Add Bennett to the influx of talent joining a UNLV team that won 26 games last season, and it's easy to see why preseason expectations for the Rebels may be higher than any year since the Jerry Tarkanian era. UNLV's blend of talent, depth and experience merits a spot in the preseason top 15 — maybe higher — and its frontcourt may be as deep and versatile as any in the nation.

Junior-to-be Mike Moser will have an opportunity to play more minutes at small forward next year after averaging 14.0 points and 10.5 rebounds last season as a power forward. Bennett will probably fill the hole at power forward, though he too can play both forward positions. And Pittsburgh transfer Khem Birch will likely usurp Carlos Lopez as the starting center once he becomes eligible in mid-December, giving the Rebels an intimidating shot blocker and another formidable rebounder.

There are more questions about UNLV's backcourt, but it's hardly a weakness.

Anthony Marshall is a slasher and a gifted finisher at the rim who must improve his outside shot and show he can run the offense at point guard for the first time. USC transfer Bryce Jones is the early favorite to replace Marshall at shooting guard after often looking like the Rebels' best guard while playing for the scout team last year. And defensive stopper Justin Hawkins and sweet-shooting incoming freshman Kaitin Reinhardt each will be part of the rotation and have a chance to crack the starting lineup.
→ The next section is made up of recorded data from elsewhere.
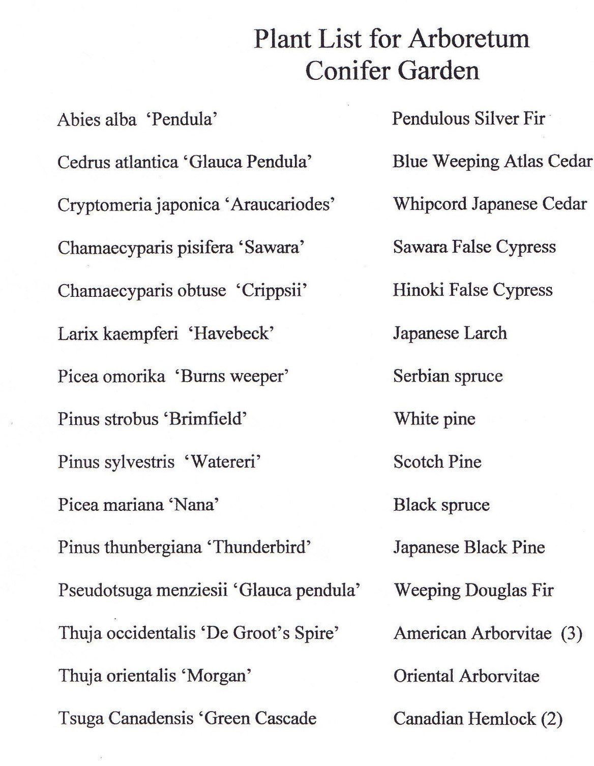 “Conifer Garden developed in part with the Display Garden renovation project. Funds for the original conifers were donated by Green Scene. Conifers were purchased from Hermsens Nursery.”
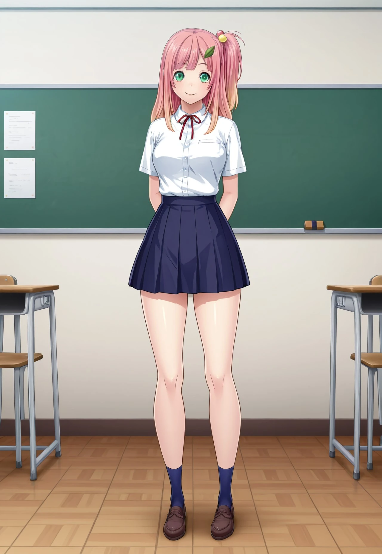 Hair : Side ponytail,pink gradient hair,leaf hair ornament,pearl hair ornament,
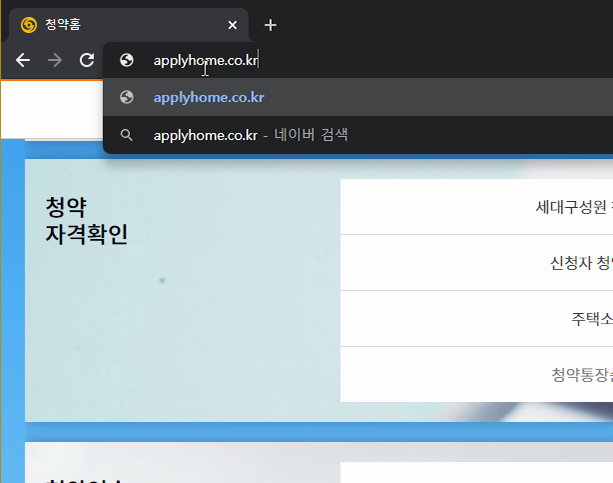 우선 찾아가는 것부터 얘기를 하자면, 비밀스럽고 조용하게 관리되는 사이트가 아니기 때문에 그냥 검색하면 됩니다. 아니면 브라우저에 [applyhome.co.kr]를 입력한 뒤에 청약홈의 홈페이지와 사용하는 방법을 알아보시는 것도 괜찮아요. 이 글을 읽기 위해서 이미 검색을 한 번 하셨을 테니, 아마도 주소 입력이 조금이나마 간편한 루트겠죠?
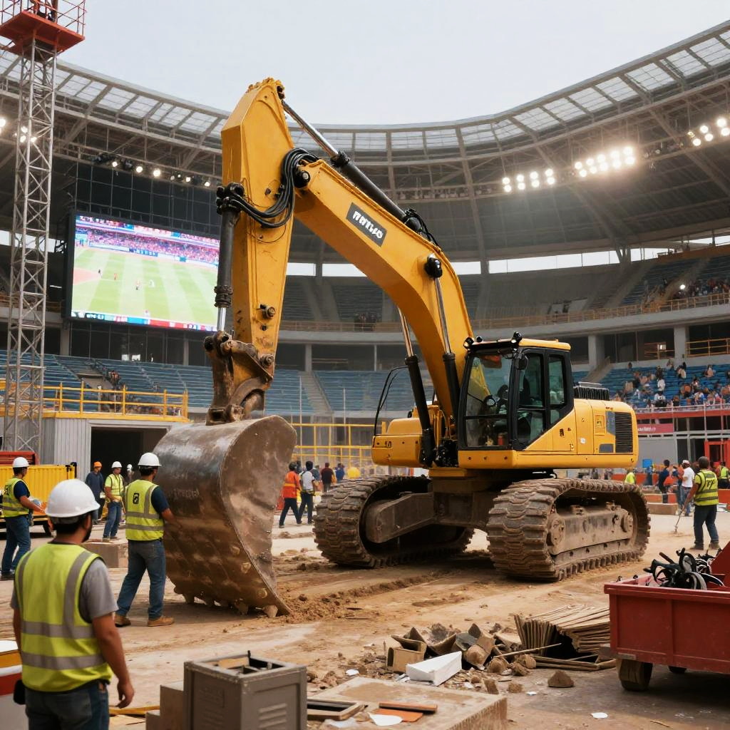 Stadium Construction with Heavy Machinery
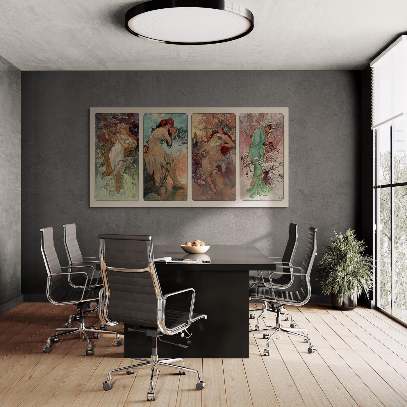 Timeless Art Nouveau: Alfons Mucha - Four Seasons | Fine Art Print | Art Paper, Poster, Canvas or Hand Finished Print with brush strokes
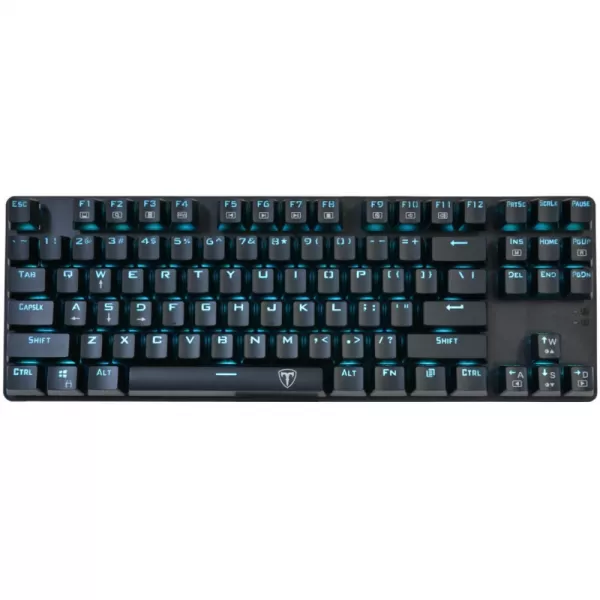 Tastatura mecanica T-Dagger Bora iluminare Ice Blue, toate tastele fara conflict (n-key rollover), switch-uri albastre Outemu, iluminare LED Ice Blue, 6 taste multimedia, tasta WIN poate fi dezactivata in timpul jocurilor, taste durabile (double shot inject), conector USB
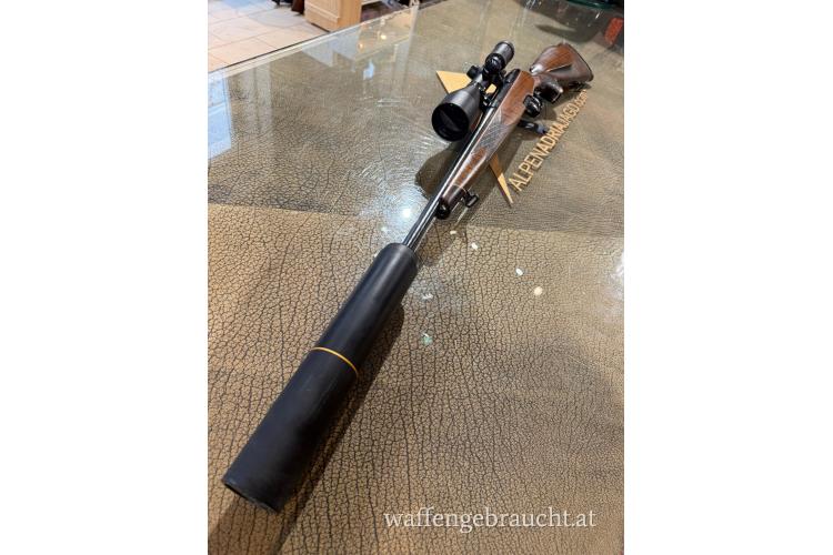 Klassische Steyr Mannlicher Mod. M in 30-06 inkl Zeiss DIaviri 3-12x56 mit Lecuhtpunkt, Montiert auf Steyr Orig. Schwebkmontage 30mm Ring. Gewinde M14x1 mit Beschuss inkl Stalon XE Schalldämpfer. Waffe wurde überprüft und eingeschossen.
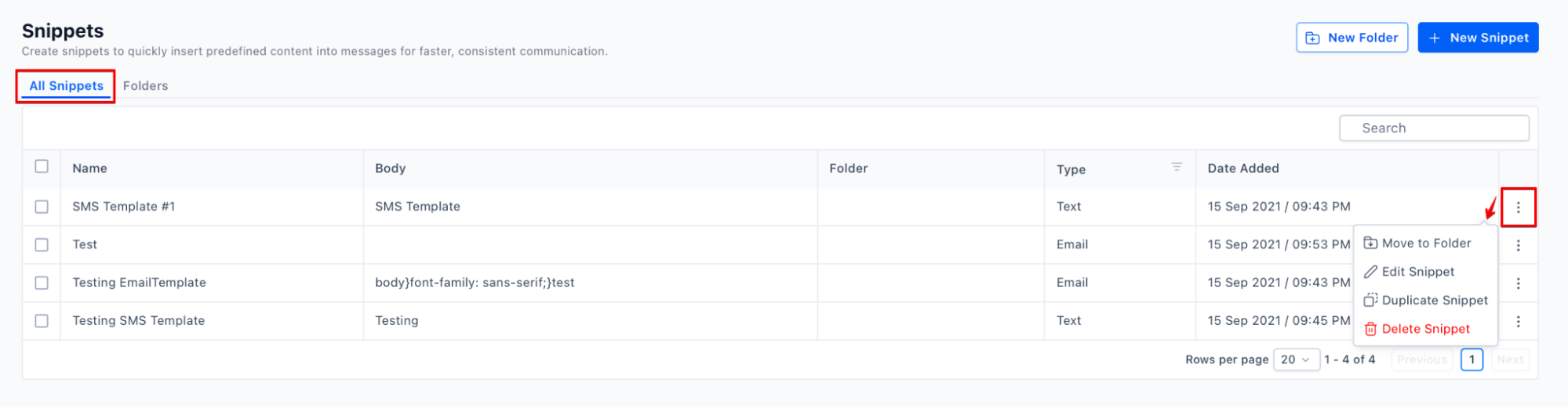 Easily find snippets by searching with their name or folder, or filter them by type—Email or Text. Use the menu icon on the right to move the snippet to a folder, edit, duplicate, or delete it.
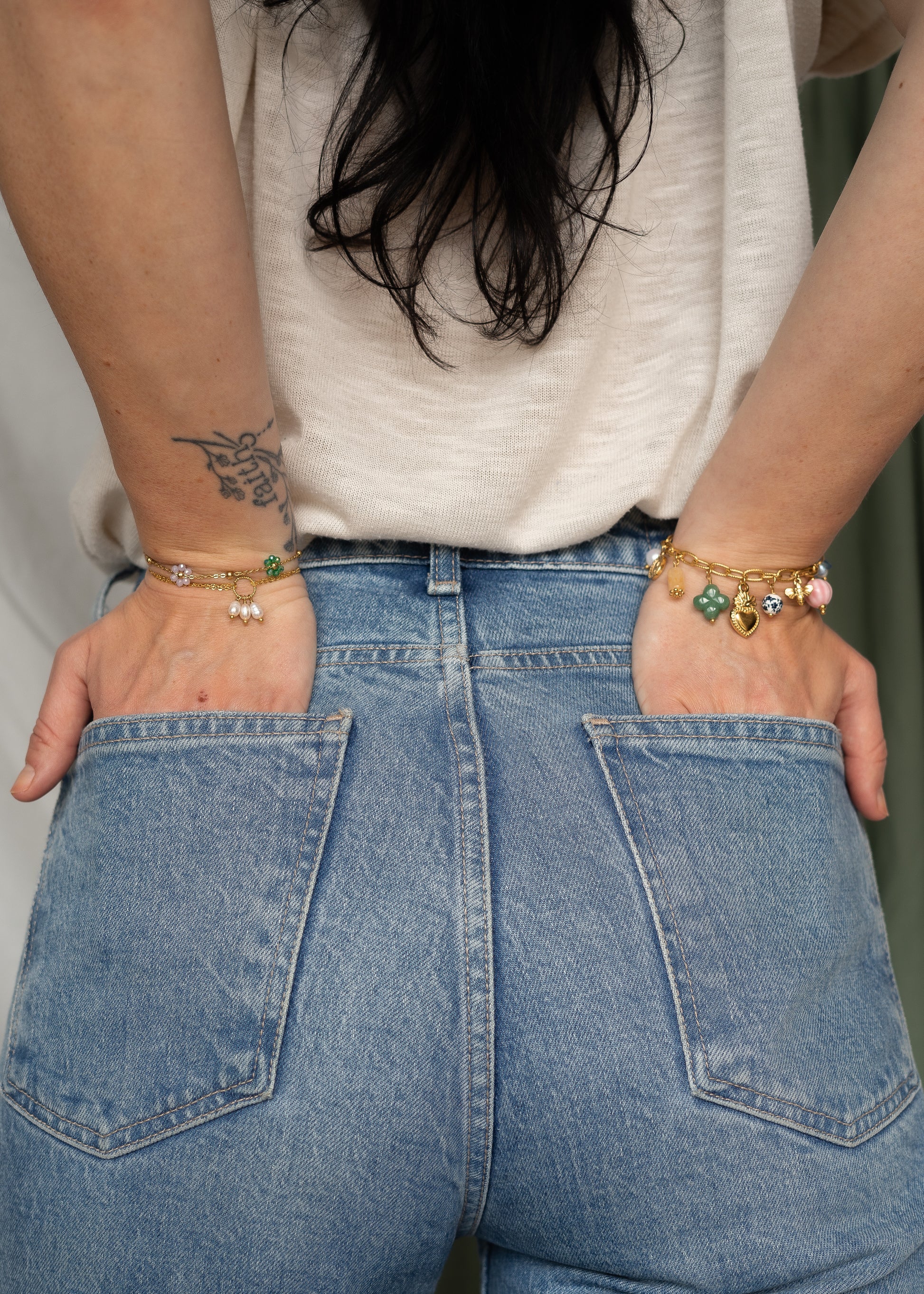 Le bracelet Esperanza est fabriqué à la main dans mon atelier, Il est orné d’une multitude de pampilles dorées, en pierres semi-précieuses, en céramique, ainsi qu'en résine,
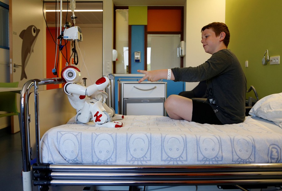 Read moreBelgian Ian Frejean, 11, plays with "Zora" the robot, a humanoid robot designed to entertain patients and to support care providers, at AZ Damiaan hospital in Ostend, Belgium, on June 16, 2016. #
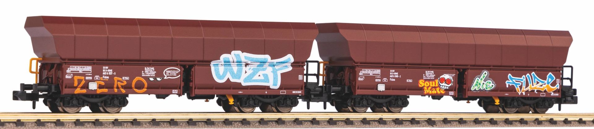 Das Modell verfügt neben zuverlässig funktionierenden Kurzkupplungskulissen für den Ganzzugeinsatz vorbildgerecht über sämtliche Details des Vorbilds, wobei Griffstangen, Handräder und Bremserbühnen in der erforderlichen filigranen Ausführung gesondert und damit freistehend angesetzt sind. Zweierset bestehend aus zwei Schüttgutwagen vom Typ Falns von OnRail in der Epoche VI. Die Seiten der beiden Wagen sind mit unterschiedlichen, detailreich ausgestalteten Graffitis verziert.

That's as talented a roster as UNLV has fielded in about two decades, yet it's a testament to the strength of the upper half of the Mountain West that the Rebels are hardly a clear-cut favorite. San Diego State belongs in the discussion as well thanks to the return of the four guards who led them to the NCAA tournament last season and the arrival of a handful of transfers and recruits to fortify the frontcourt.

Even beyond the Rebels and Aztecs, there are other contenders. New Mexico has its own potent backcourt in Kendall Williams, Tony Snell, Demetrius Walker and Hugh Greenwood, though the loss of Drew Gordon leaves a hole in the paint. And new Colorado  State coach Larry Eustachy inherits the core of last year's guard-oriented NCAA tournament team.

Still, UNLV will have as much or more talent than any of those teams, especially now that the Rebels have Bennett in the fold.

Second-year coach Dave Rice sold Bennett on the chance to thrive in a free-flowing, up-tempo system. It also didn't hurt that close friend and fellow Canadian Birch transferred to the Rebels last December and immediately began urging Bennett to join him.

While UNLV enjoyed consistent success under former coach Lon Kruger, the Rebels rarely won recruiting battles with the likes of Kentucky, Florida, Washington and Oregon for top players like Bennett.

That they're doing it under Rice suggests the program may be on the ascent once again.